## PROBLEM TO SOLVE
Beginning with the line that contains "料理風あだ名 | 『節約★ネモモポノフと油揚げの玉子丼』 |", restate each line below through the final one exactly, and exclude the pictures.

## EXERCISE DATA
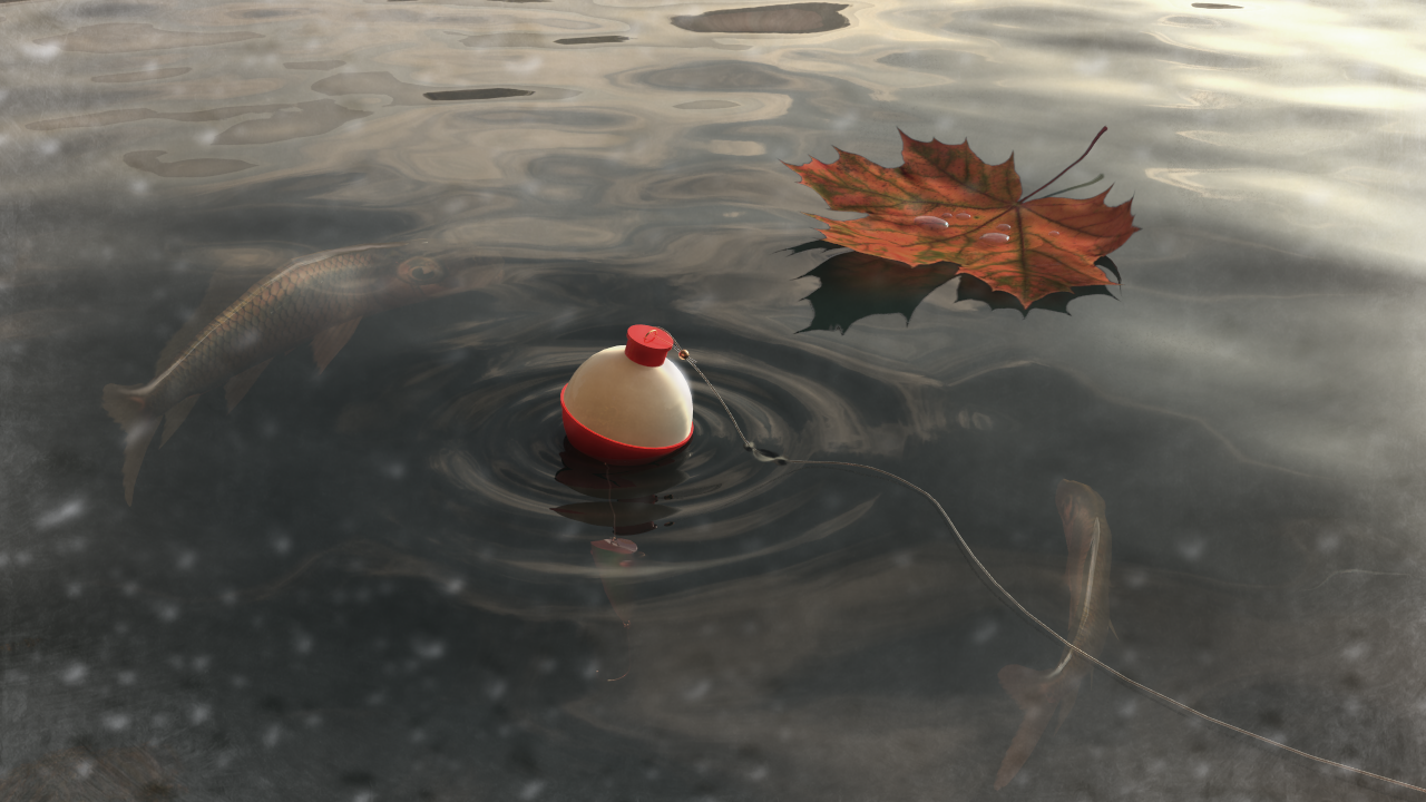 I really wanted to produce something with water and ripples. This 3DS Max still was a good way to play with rendering water refraction and reflection. Nothing intense. No Vray in this one. Just mental ray. Opacity map on the leaf. The fish are modeled, albeit quite simply since their image would be refracted through the water. Environment map was key for the lighting in this scene. The part where the fishing line touches the water, I just photoshopped that based on references because ain't nobody got time for that. A little color correction and "lens dirt" comped into the final with PS.
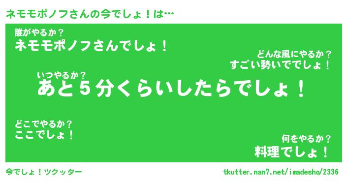 | 料理風あだ名 | 『節約★ネモモポノフと油揚げの玉子丼』 |
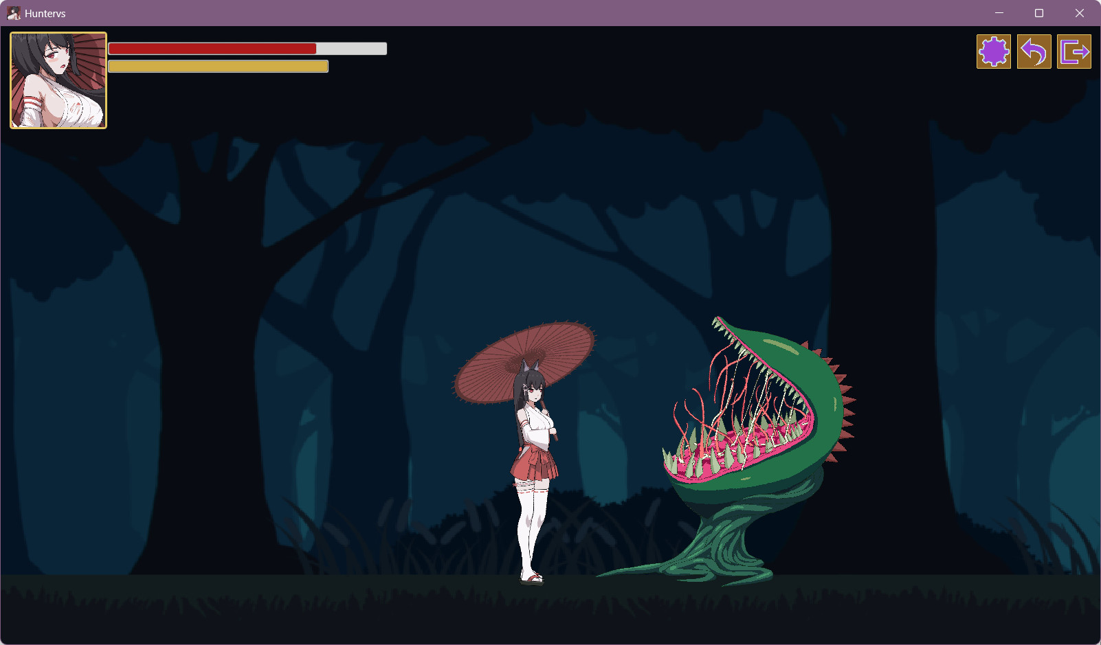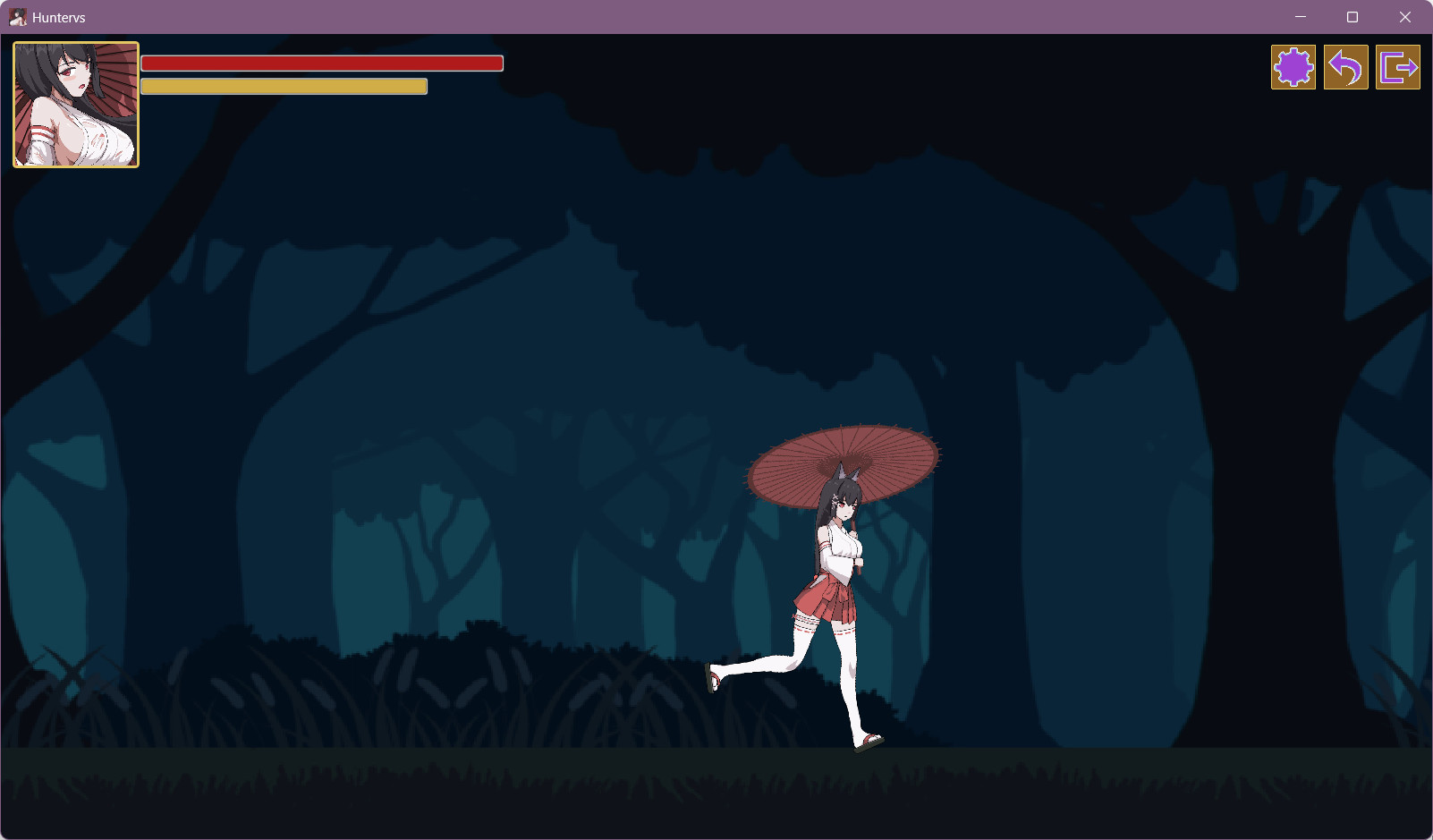 在横版像素动作游戏中,挥舞红伞斩除妖魔!

## RESPONSE TO THE TASK
 | 料理風あだ名 | 『節約★ネモモポノフと油揚げの玉子丼』 |
 在横版像素动作游戏中,挥舞红伞斩除妖魔!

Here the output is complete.